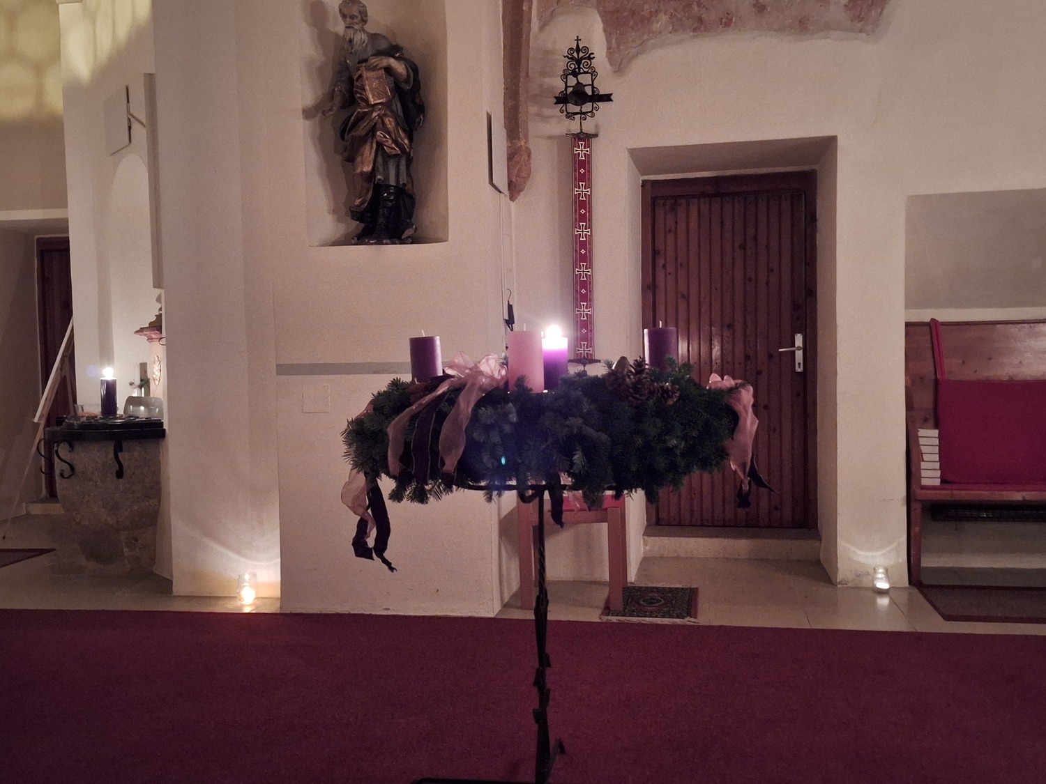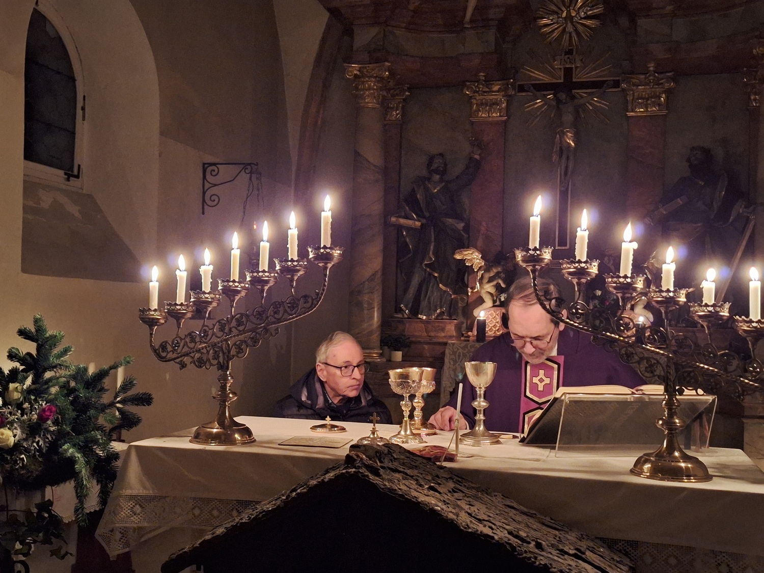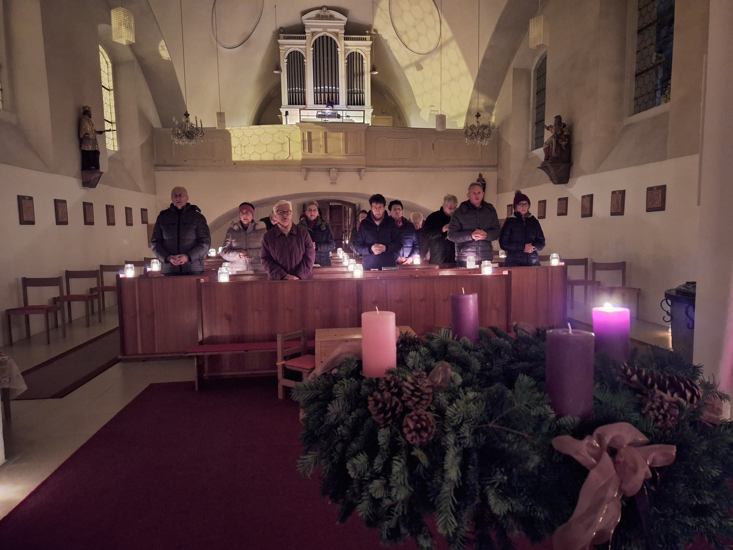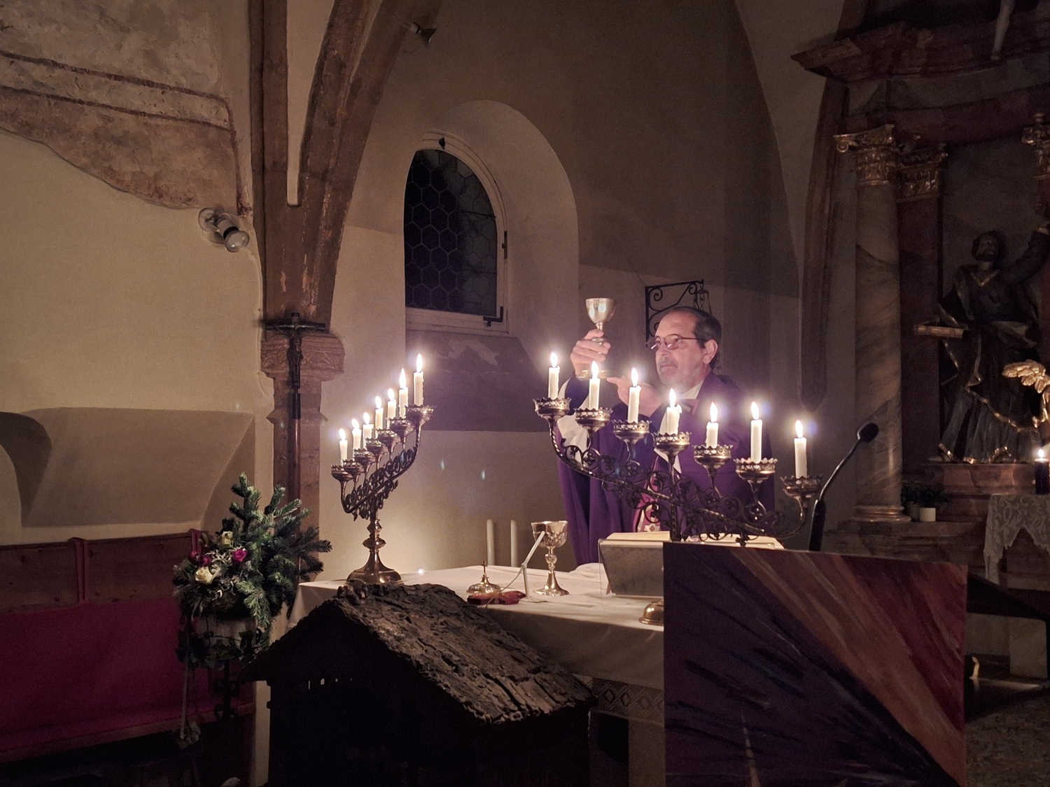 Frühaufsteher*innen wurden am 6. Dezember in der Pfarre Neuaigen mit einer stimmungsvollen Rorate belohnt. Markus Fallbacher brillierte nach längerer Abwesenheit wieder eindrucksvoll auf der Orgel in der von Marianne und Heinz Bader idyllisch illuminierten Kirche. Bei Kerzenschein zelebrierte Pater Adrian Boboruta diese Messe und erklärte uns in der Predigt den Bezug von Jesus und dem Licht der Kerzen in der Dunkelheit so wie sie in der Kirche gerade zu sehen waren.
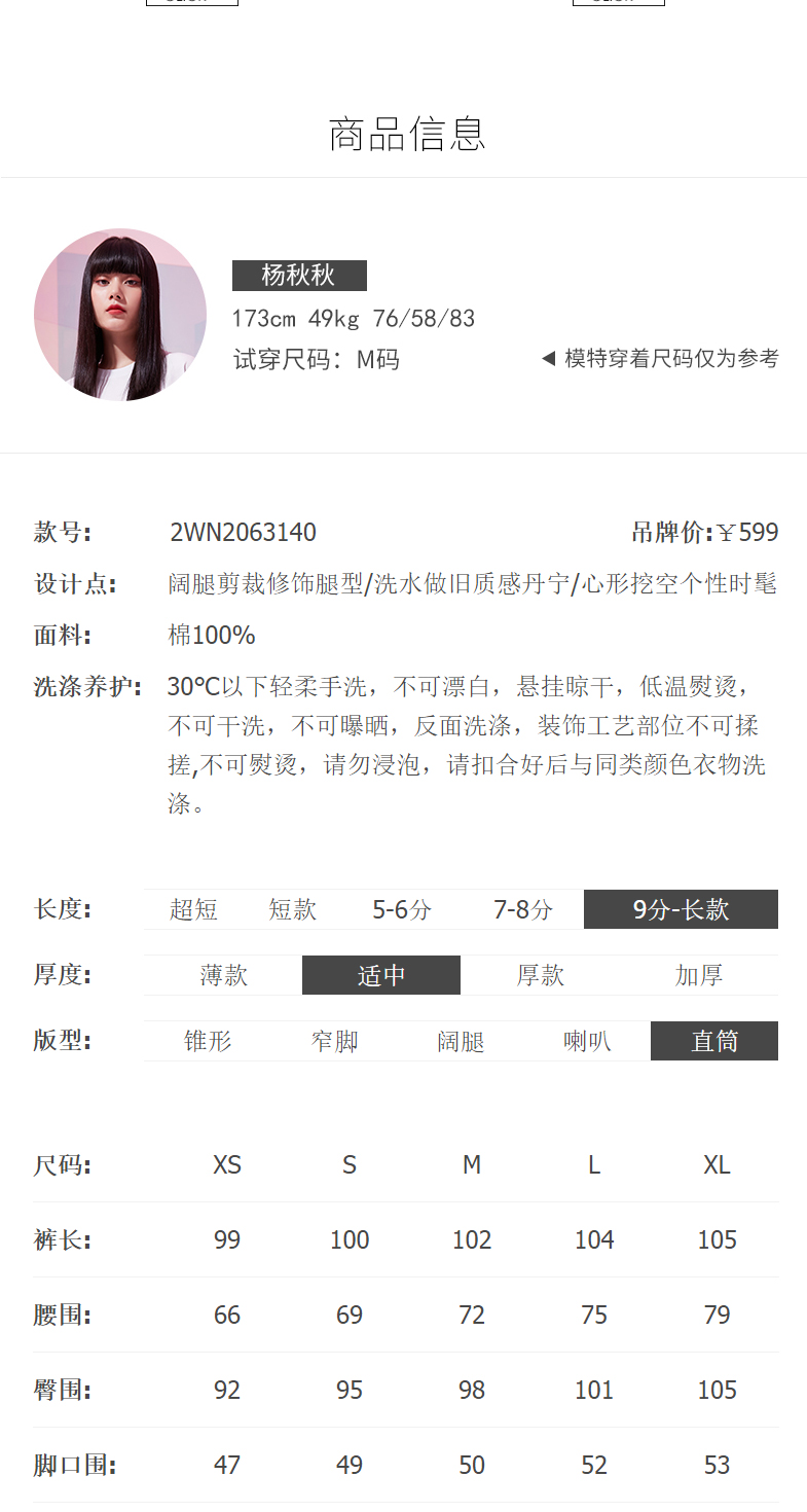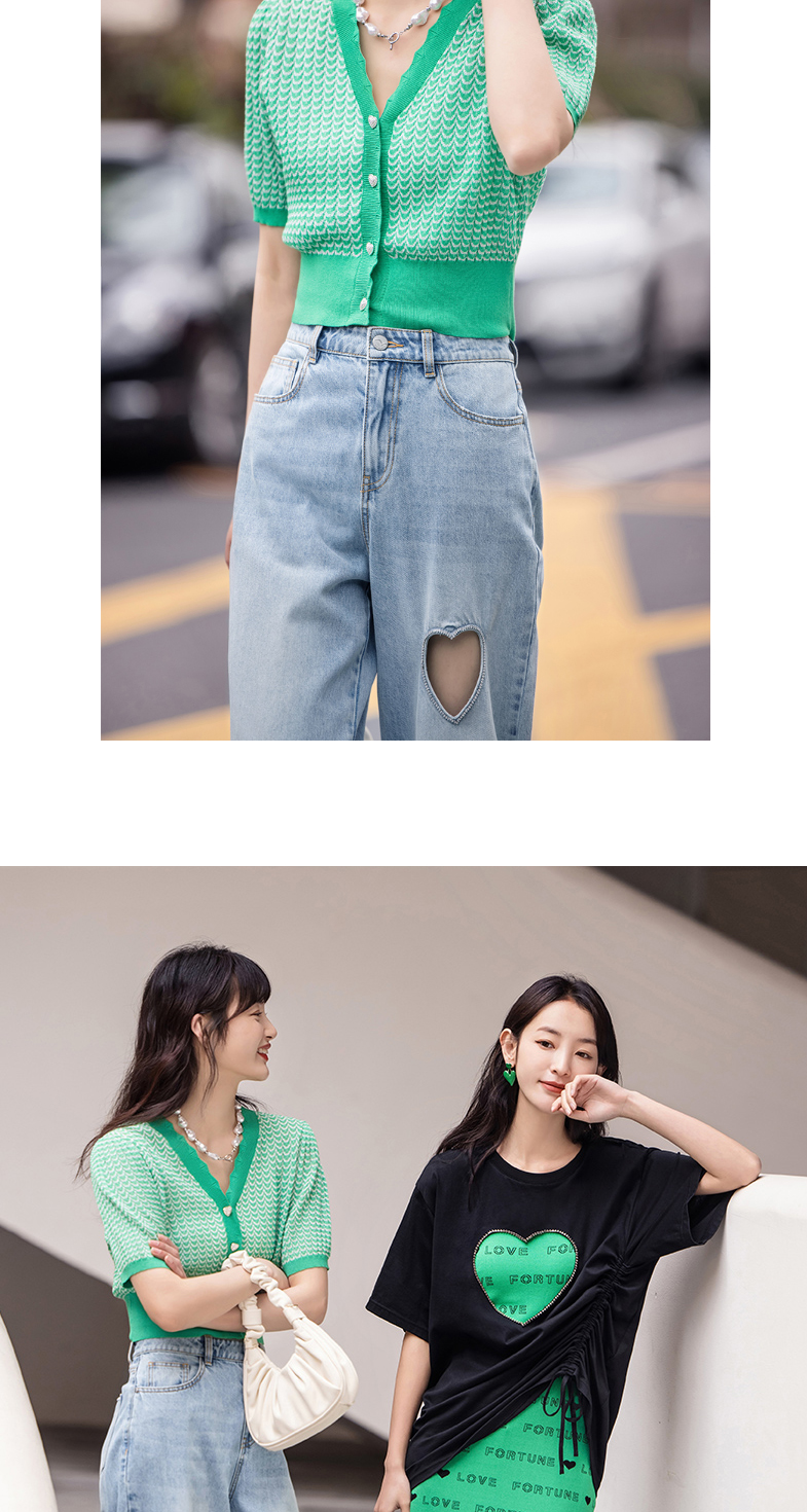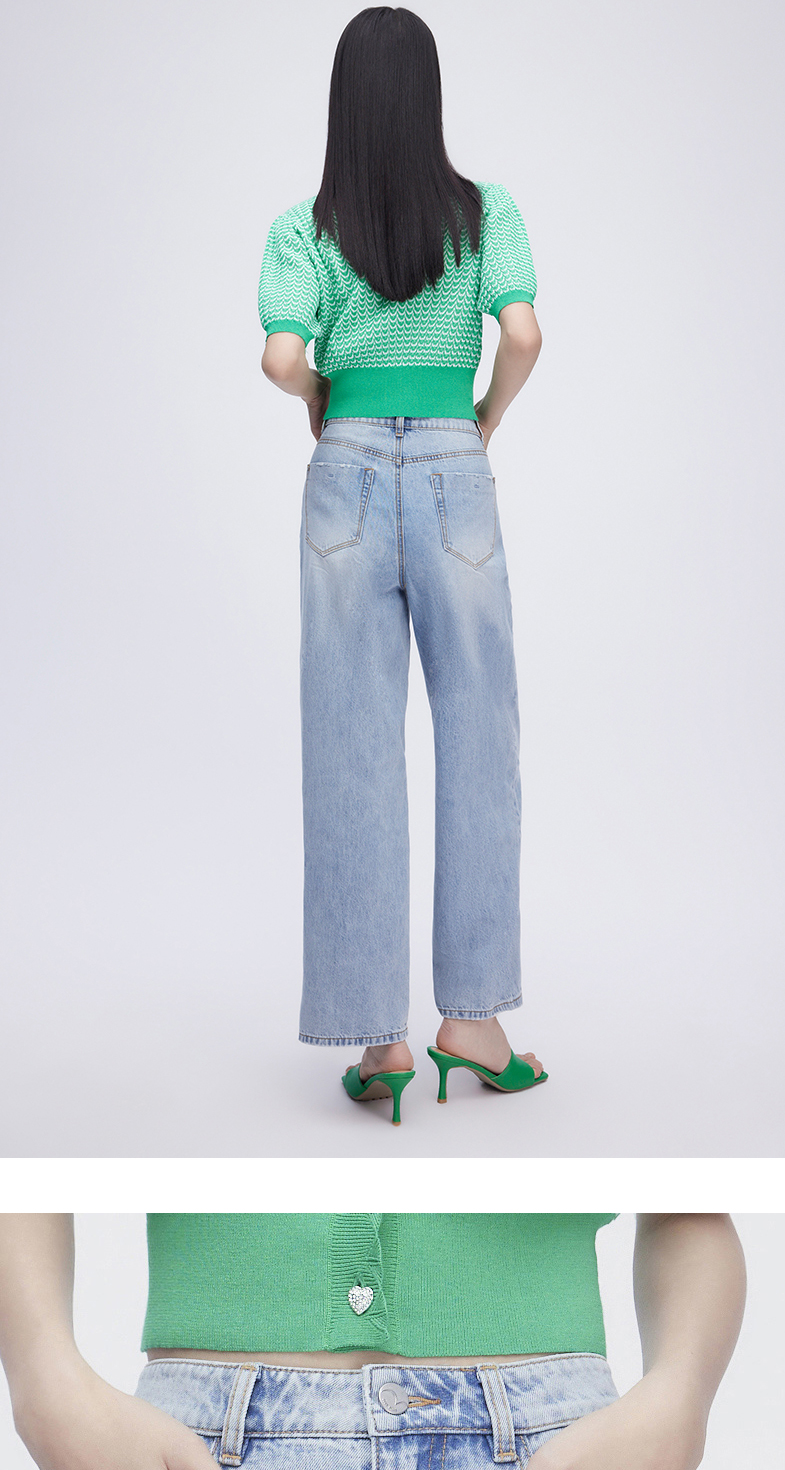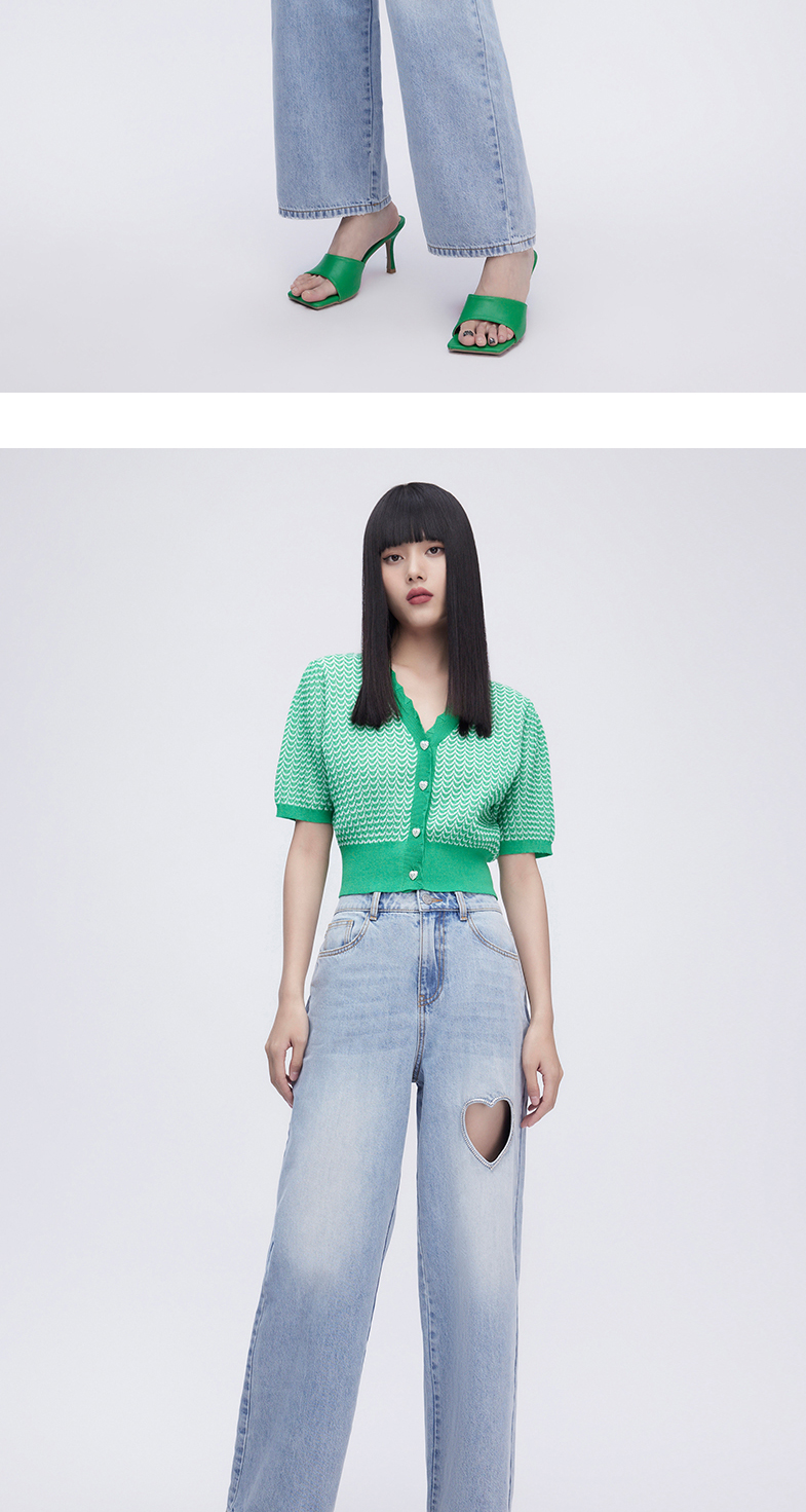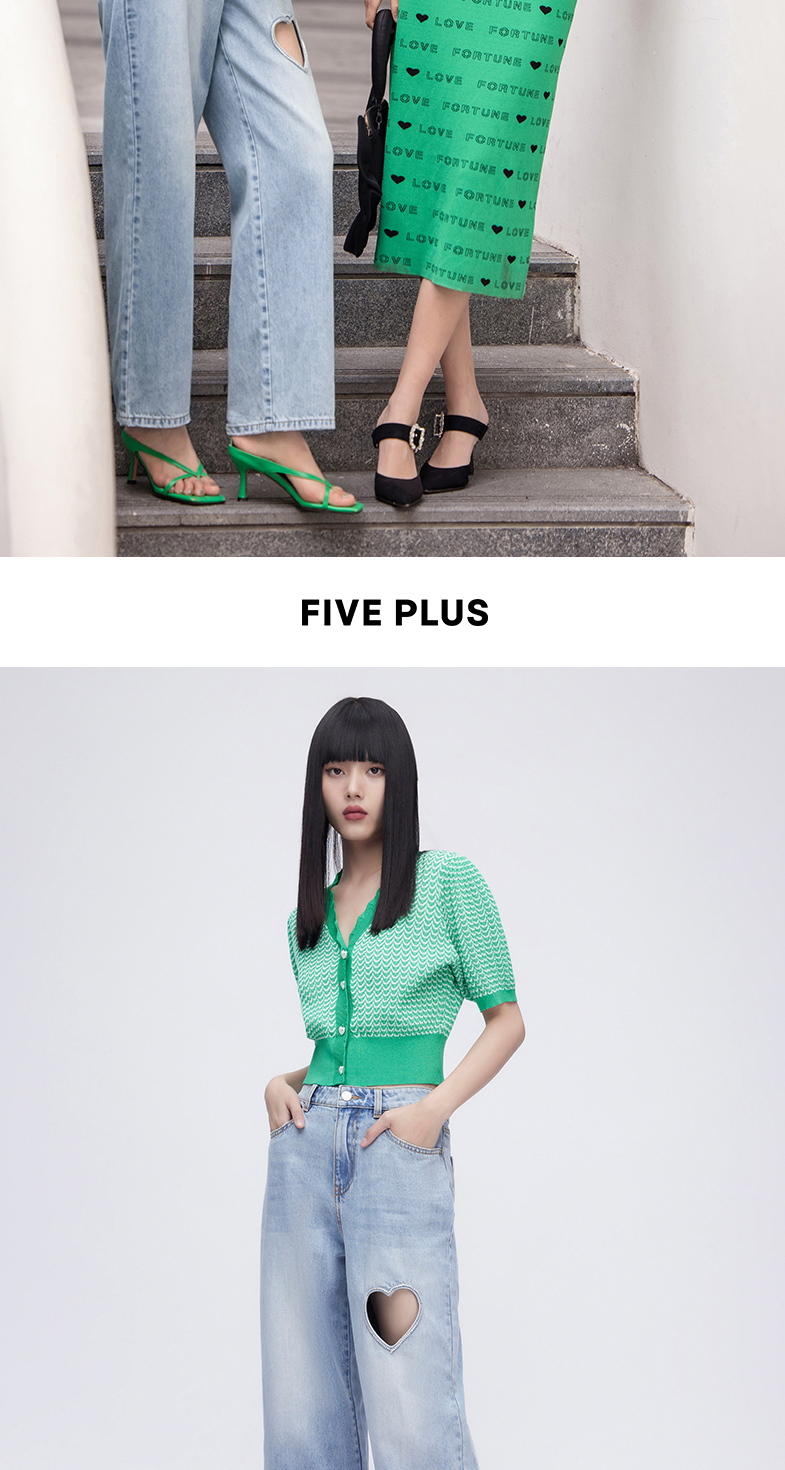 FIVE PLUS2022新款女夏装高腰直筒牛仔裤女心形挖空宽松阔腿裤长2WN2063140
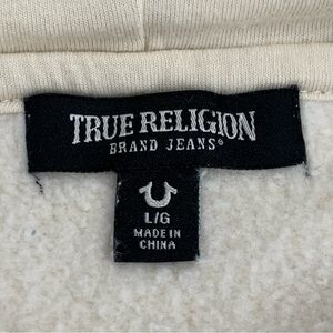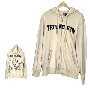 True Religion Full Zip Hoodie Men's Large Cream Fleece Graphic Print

Problem | The listing above needs to be output again exactly. Don't include the pictures.

Solution below |
 Frühaufsteher*innen wurden am 6. Dezember in der Pfarre Neuaigen mit einer stimmungsvollen Rorate belohnt. Markus Fallbacher brillierte nach längerer Abwesenheit wieder eindrucksvoll auf der Orgel in der von Marianne und Heinz Bader idyllisch illuminierten Kirche. Bei Kerzenschein zelebrierte Pater Adrian Boboruta diese Messe und erklärte uns in der Predigt den Bezug von Jesus und dem Licht der Kerzen in der Dunkelheit so wie sie in der Kirche gerade zu sehen waren.
 FIVE PLUS2022新款女夏装高腰直筒牛仔裤女心形挖空宽松阔腿裤长2WN2063140
 True Religion Full Zip Hoodie Men's Large Cream Fleece Graphic Print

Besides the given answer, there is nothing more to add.